For Dia, however, providing this context is as easy as @’ing your opened tabs or your search history, and Dia will automatically ingest whatever it needs to answer your prompt. Instead of the chatbot being stapled onto your browser, it is the browser, which unlocks some pretty cool use cases for AI that go beyond just answering a question.
This, I argue, drives all the value for Dia. Conventional chatbots like ChatGPT can never get this data because a website can’t just access the rest of your open tabs or your browsing history for the past week. Chrome wouldn’t switch to an AI-based browsing experience because it tears people away from Google. Other browsers with a C++ codebase will take too long to test and ship new features.
Mass-market appeal requires a near nonexistent learning curve and a frictionless onboarding experience, and Arc is unable to provide that with its vertical tabs and command-based workflow. Dia is instead imitating a conventional browser that is interwoven with some more advanced AI features. That seems like a much smarter decision to me than trying to rescue a paradigm that has not demonstrated much mass-market adoption.
This is not to say that Dia will be the pinnacle of agentic AI browsers. Perplexity recently released their Comet browser to pretty positive reception and OpenAI anticipates releasing their own browser soon. TBC is betting that they will offer a UX and UI that is more polished and more intuitive than other companies that don’t specialize in browsers. Whether this will pay off or not is something we will have to see (and prompts a much more welcome debate, in my opinion!) but it is clear to me that this decision is a better one than sitting on a niche tool like Arc.
The hope for open source
But all of this talk about the end of Arc begs the question: if Arc serves no more purpose to TBC, why not open source it?

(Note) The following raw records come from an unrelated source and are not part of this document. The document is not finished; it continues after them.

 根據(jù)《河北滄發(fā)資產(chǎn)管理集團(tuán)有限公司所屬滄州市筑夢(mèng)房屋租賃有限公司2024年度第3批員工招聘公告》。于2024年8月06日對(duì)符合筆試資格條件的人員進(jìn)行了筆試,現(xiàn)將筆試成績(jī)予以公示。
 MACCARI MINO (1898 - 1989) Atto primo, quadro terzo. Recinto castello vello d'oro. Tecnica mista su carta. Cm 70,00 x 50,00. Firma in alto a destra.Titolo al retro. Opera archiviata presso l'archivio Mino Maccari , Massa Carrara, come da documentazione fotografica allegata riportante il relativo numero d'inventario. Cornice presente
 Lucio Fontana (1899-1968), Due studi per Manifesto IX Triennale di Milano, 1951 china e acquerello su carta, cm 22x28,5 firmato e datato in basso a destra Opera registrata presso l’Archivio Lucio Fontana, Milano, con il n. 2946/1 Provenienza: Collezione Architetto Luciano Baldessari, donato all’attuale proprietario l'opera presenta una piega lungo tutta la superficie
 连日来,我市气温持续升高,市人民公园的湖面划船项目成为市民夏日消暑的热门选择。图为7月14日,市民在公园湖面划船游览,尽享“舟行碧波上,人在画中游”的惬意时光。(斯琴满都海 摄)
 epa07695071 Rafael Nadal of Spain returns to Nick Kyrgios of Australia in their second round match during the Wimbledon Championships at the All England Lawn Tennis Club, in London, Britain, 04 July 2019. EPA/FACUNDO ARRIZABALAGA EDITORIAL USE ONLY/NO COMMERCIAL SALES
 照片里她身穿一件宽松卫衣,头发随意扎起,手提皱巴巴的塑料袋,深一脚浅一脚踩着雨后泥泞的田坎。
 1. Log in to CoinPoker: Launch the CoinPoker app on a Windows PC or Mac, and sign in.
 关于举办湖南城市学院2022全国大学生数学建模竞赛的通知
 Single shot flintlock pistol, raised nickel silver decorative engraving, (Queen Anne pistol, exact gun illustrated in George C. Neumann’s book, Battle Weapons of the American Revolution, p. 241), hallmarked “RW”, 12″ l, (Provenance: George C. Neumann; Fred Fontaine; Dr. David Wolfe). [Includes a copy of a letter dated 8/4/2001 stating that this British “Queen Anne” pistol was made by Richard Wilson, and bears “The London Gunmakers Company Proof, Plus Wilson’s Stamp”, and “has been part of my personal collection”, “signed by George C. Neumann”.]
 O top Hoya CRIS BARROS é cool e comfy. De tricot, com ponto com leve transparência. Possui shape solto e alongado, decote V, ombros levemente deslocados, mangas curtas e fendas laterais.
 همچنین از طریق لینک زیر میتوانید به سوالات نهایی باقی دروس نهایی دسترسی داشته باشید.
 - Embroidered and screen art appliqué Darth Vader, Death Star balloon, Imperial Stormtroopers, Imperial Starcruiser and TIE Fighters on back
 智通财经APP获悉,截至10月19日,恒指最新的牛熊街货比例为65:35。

Why not hand off development to its loyal users that will volunteer their time to further iterate on the product? TBC’s official response to this is a bit wishy-washy, but it boils down to this: the method of creating Arc (and Dia) is too valuable to give to the public. TBC believes that they are sitting on a pot of gold with their Arc Development Kit, and by open-sourcing Arc, they are leaking the primary method of building Dia. While I would love to see Arc open-sourced, TBC still needs to keep their value until Dia grows a lot more. And until then, open source is out of the question.
Next steps
Say you’re an Arc user that can’t see switching back to Chrome or Firefox or Edge anytime soon. What should you do?
The first option is simple: do nothing! For the time being, Arc will still be getting regular security updates. While no big features will come out, you can keep on using Arc like you have been.
But what if those updates stop coming? The second option is to switch to an Arc competitor. The biggest one right now is Zen, a Firefox-based browser that emulates most of the standard Arc features pretty well. It’s in active development, meaning you can still get the dopamine hit of frequent new features, and it’s open source, meaning if its creator stops updating the program, its users can pick up the torch.
There is also a third option, and the one I recommend: try out Dia! I was super hesitant of Dia when I tried it out about a month ago, and after getting used to it, I can say that I really appreciate the workflow that Dia is going for. The contextual chat can unlock some awesome things once you train your brain to think AI first and Google second. This, however, assumes that you’re not morally opposed to LLMs and you are willing to take TBC’s word on data privacy. If those two things aren’t dealbreakers for you, give it at least a week’s shot, if not more.